CamGrid

The University of Cambridge's federated computational grid

CamGrid is a distributed computing resource based on the Condor middleware, and provides a powerful computational tool for participating university members. These pages describe the facilities available and how Cantabrigians can gain access to them.

CamGrid was conceived by a number of departments and groups within the university who federated their computational facilities. These could be desktops or dedicated machines, possibly behind different firewalls, and using public or private IP addresses. CamGrid mainly caters for serial (single-threaded) applications, but can also handle "small" parallel/MPI jobs. This model has been running since January 2005, with each institution maintaining its own Condor pool, so the grid consists of flocked pools. CamGrid is coordinated by Mark Calleja.

Documentation and Tools

  • Technical details of CamGrid can be found here. These include an architectural overview, examples of machine configuration, monitoring tools, usage figures, information on how to join and various tutorials for using different aspects of the grid.
  • Early experiences of setting up CamGrid using a VPN are described in this paper. Note that CamGrid no longer uses a VPN, but RFC 1918 (known locally as CUDN-only routeable) addresses as described in the technical details section.
  • Manual for Condor v7.4. This is a great place to start learning about Condor. A local copy of the manual (with an added search facility), accessible only from within Cambridge University, can be found here.

Publications

CamGrid is a powerful research tool and has helped its users produce a number of publications, listed here.
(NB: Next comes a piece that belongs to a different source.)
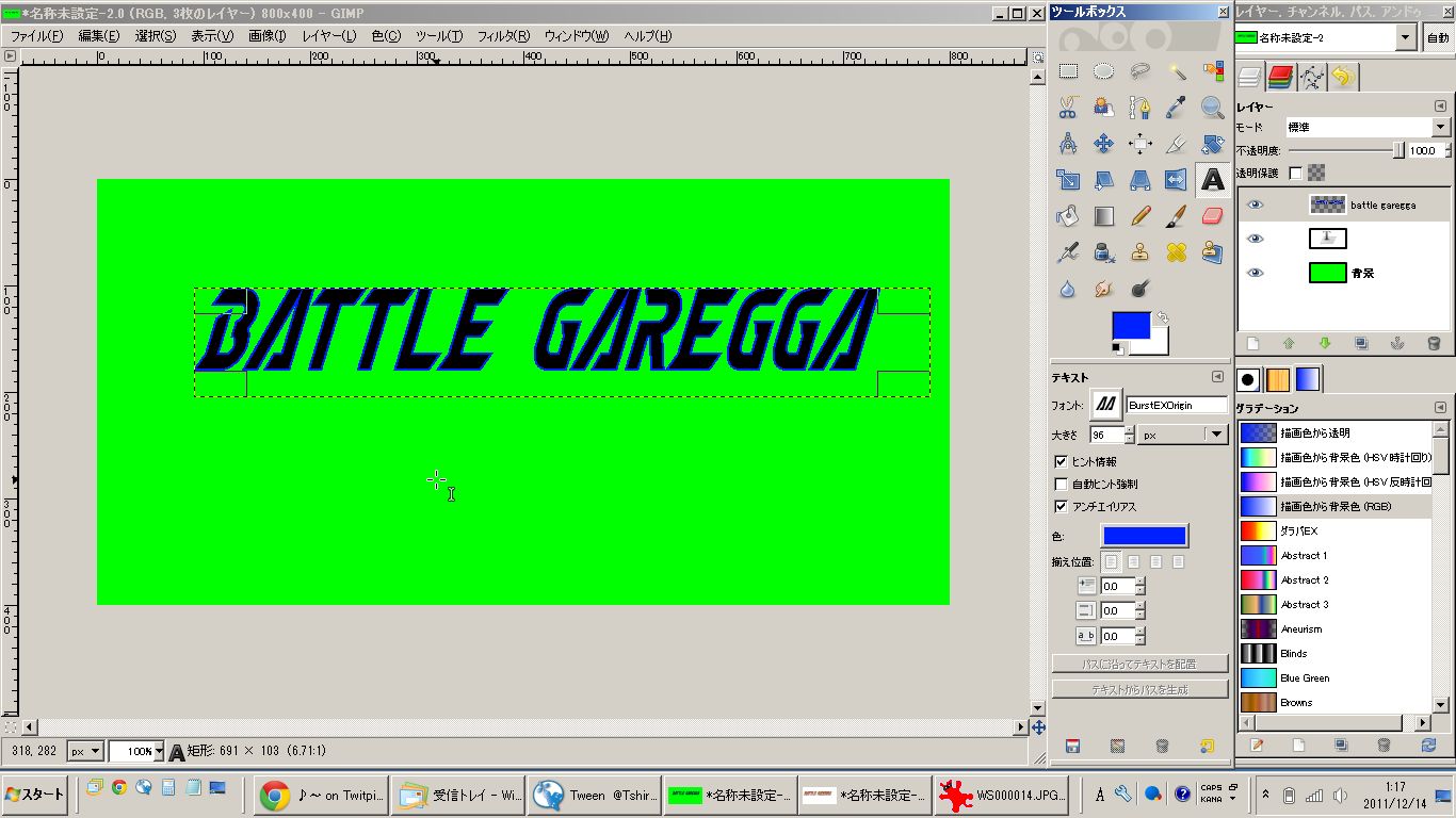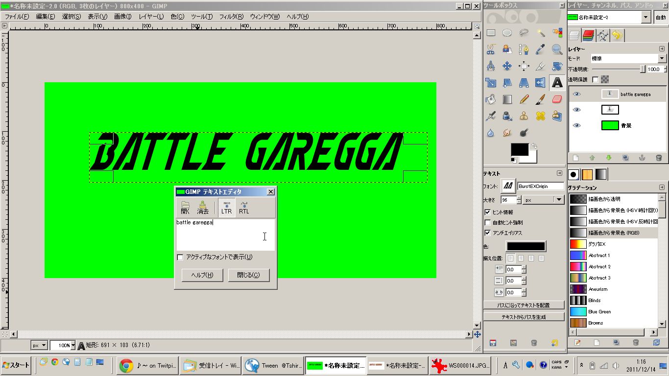 フォントをBURSTEXにしてテキストボックスに書きたいテキストを入力したら、ツールボックスの

If your use of CamGrid results in published work then please acknowledge it in the publication and notify me of the details using the email at the foot of this page.

Past CamGrid Events

We have held a number of CamGrid related events in the past, from introductory workshops to scientific showcases. Details of these events, together with the relevant presentations, can be found here.

Demographics

In a survey held in October 2009, CamGrid was shown to have the following user cross-section (information from 130 users):

Undergraduate5.04%
Postgraduate40.34%
Postdoctoral researcher    38.66%
Staff14.29%
Other1.68%

Contacts

If you would like to use CamGrid, then members of participating departments should contact their relevant sysadmin listed here (Raven protected, with a signed certificate by the UK eScience CA). If your department is not listed then consider asking your relevant representative to join the initiative. We are always happy to welcome new groups from within the University, irrespective of academic discipline.



News

23rd August 2010

CamGrid's currently in the process of upgrading its Condor middleware to the latest stable release, namely version 7.4.3. Apologies to users for any service disruptions, and your local sysadmin should be able to tell you how long these will last. Upgrade notes for sysadmins can be found here, whereas the current pool versions can be found here.
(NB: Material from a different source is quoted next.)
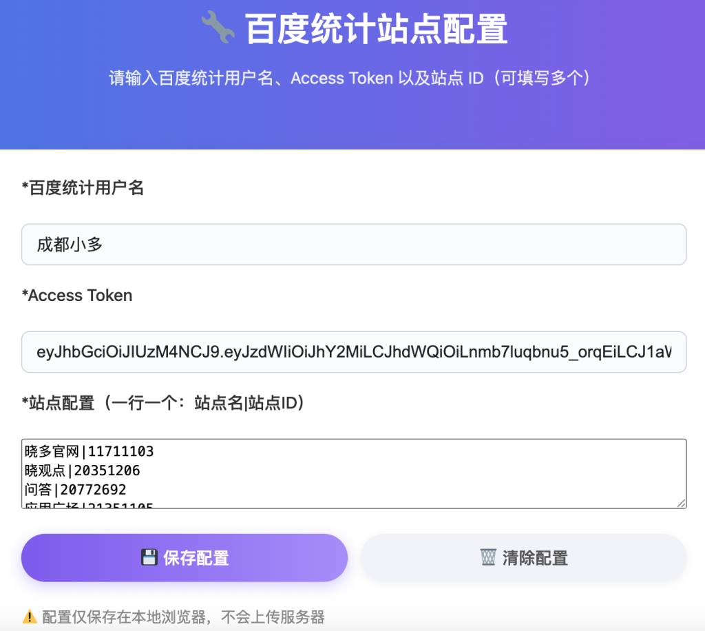 答:站点配置是绑定你的站点(可以是多个站点),要求:一行一个,形式为:站点名|站点ID,如:

Example of work carried out on CamGrid

Electronic structure calculations, carried out on CamGrid and involving sweeps of several MPI calculations, have helped explain why the framework material Ag3[Co(CN)6], shown below, exhibits colossal positive and negative thermal expansion. The low temperature structure is on the left, with the high temperature structure on the right.




These findings have been published in Science, 319, p794-797, 8 February (2008).